= GOAL OF THE EXERCISE =
Each line from the one holding "Sortir et rejoindre" to the last line of the listing must be set down exactly. No pictures are to be included.
*** Opening of SUPPLIED MATERIAL ***
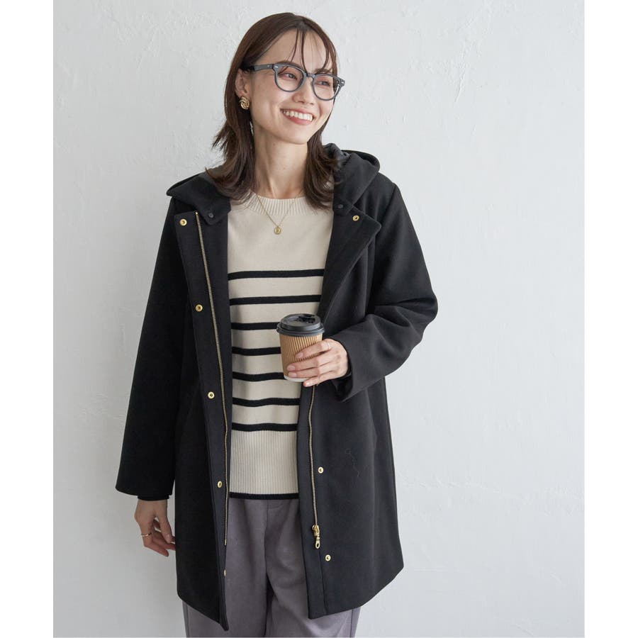 ウールライクストレッチフードコート
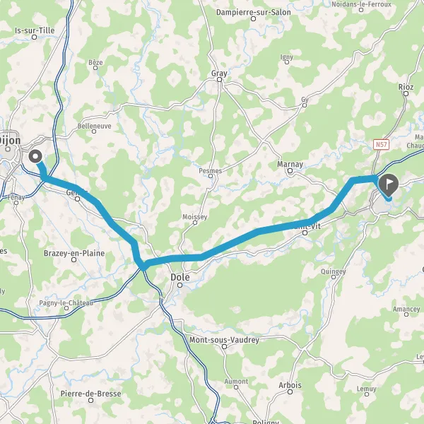 Sortir et rejoindre N57 (Rue de Vesoul). Continuer sur 350 mètres
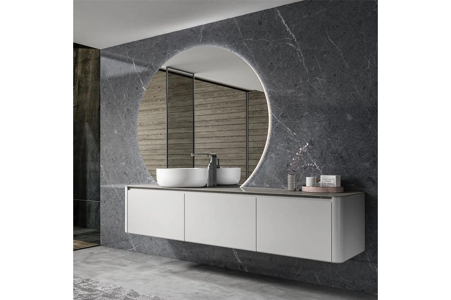 - Design: Italian porcelain slab. Marble grain and touch. Three big drawers provide large storage space for all bathroom essentials.
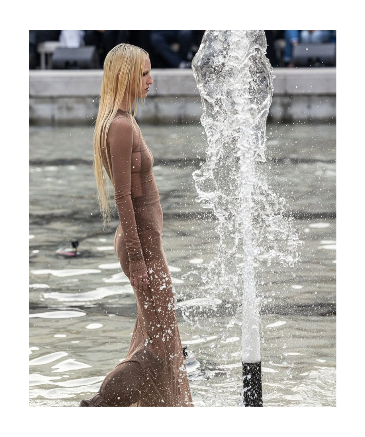 Rick Owens transformed the Palais de Tokyo into a stage of defiance and reflection for his Spring/Summer 2026 collection. Models emerged through the fountain, eyes veiled by black contact lenses, their presence spectral, almost prophetic.
*** Close of SUPPLIED MATERIAL ***
= SOLUTION =
 Sortir et rejoindre N57 (Rue de Vesoul). Continuer sur 350 mètres
 - Design: Italian porcelain slab. Marble grain and touch. Three big drawers provide large storage space for all bathroom essentials.
 Rick Owens transformed the Palais de Tokyo into a stage of defiance and reflection for his Spring/Summer 2026 collection. Models emerged through the fountain, eyes veiled by black contact lenses, their presence spectral, almost prophetic.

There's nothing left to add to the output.